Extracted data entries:

• • • • •

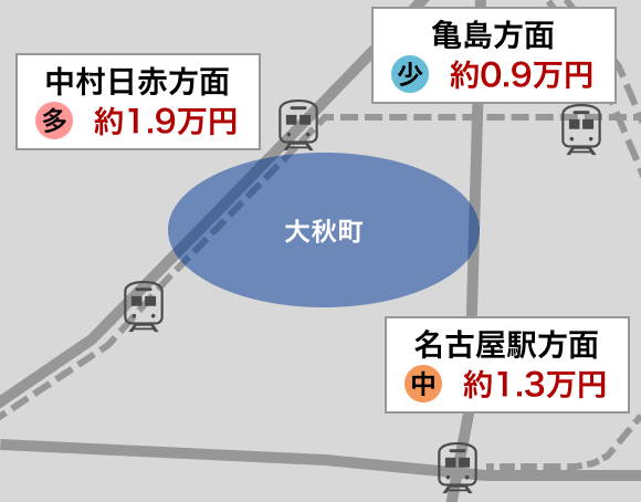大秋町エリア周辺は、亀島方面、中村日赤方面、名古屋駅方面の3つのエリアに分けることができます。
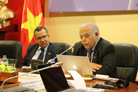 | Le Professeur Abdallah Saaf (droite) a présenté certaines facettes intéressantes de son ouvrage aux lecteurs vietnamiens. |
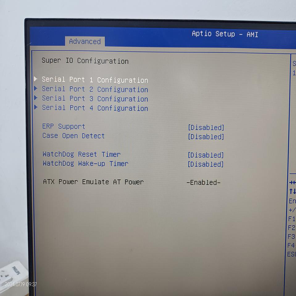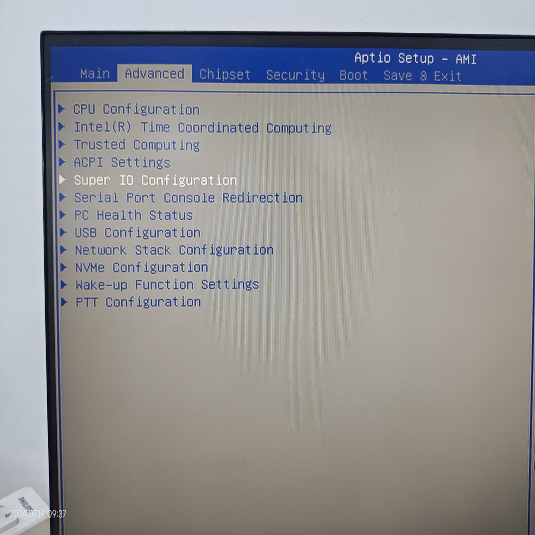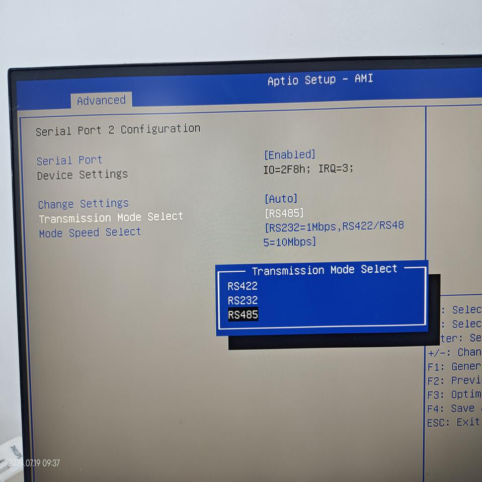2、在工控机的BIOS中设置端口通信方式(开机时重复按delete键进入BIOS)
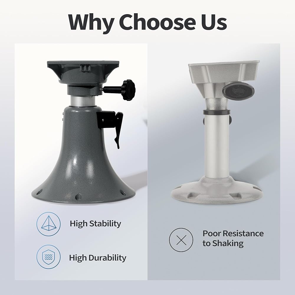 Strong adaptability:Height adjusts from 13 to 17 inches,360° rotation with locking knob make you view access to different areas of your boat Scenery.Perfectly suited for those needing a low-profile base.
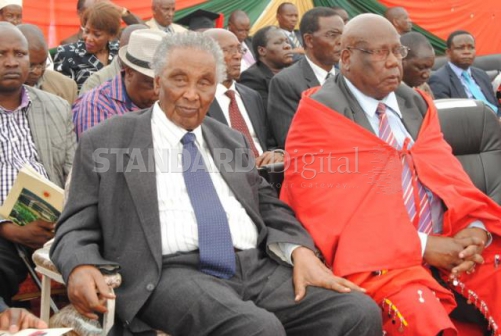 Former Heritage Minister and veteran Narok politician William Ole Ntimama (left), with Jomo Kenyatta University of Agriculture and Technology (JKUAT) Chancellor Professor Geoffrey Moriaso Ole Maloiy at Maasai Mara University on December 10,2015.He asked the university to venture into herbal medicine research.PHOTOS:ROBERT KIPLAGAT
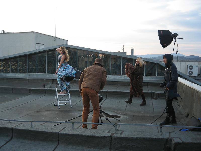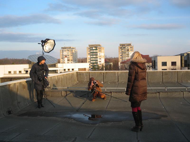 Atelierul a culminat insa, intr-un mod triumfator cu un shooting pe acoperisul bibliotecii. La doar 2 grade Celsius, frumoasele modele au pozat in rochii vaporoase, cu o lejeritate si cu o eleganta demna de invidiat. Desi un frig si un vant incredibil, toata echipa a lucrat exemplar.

• • • • •

**What is expected**
Begin at the line containing "2、在工控机的BIOS中设置" and stop at the final line of the data. Retype those lines exactly, without the pictures.

**Exercise answer**
2、在工控机的BIOS中设置端口通信方式(开机时重复按delete键进入BIOS)
 Strong adaptability:Height adjusts from 13 to 17 inches,360° rotation with locking knob make you view access to different areas of your boat Scenery.Perfectly suited for those needing a low-profile base.
 Former Heritage Minister and veteran Narok politician William Ole Ntimama (left), with Jomo Kenyatta University of Agriculture and Technology (JKUAT) Chancellor Professor Geoffrey Moriaso Ole Maloiy at Maasai Mara University on December 10,2015.He asked the university to venture into herbal medicine research.PHOTOS:ROBERT KIPLAGAT
 Atelierul a culminat insa, intr-un mod triumfator cu un shooting pe acoperisul bibliotecii. La doar 2 grade Celsius, frumoasele modele au pozat in rochii vaporoase, cu o lejeritate si cu o eleganta demna de invidiat. Desi un frig si un vant incredibil, toata echipa a lucrat exemplar.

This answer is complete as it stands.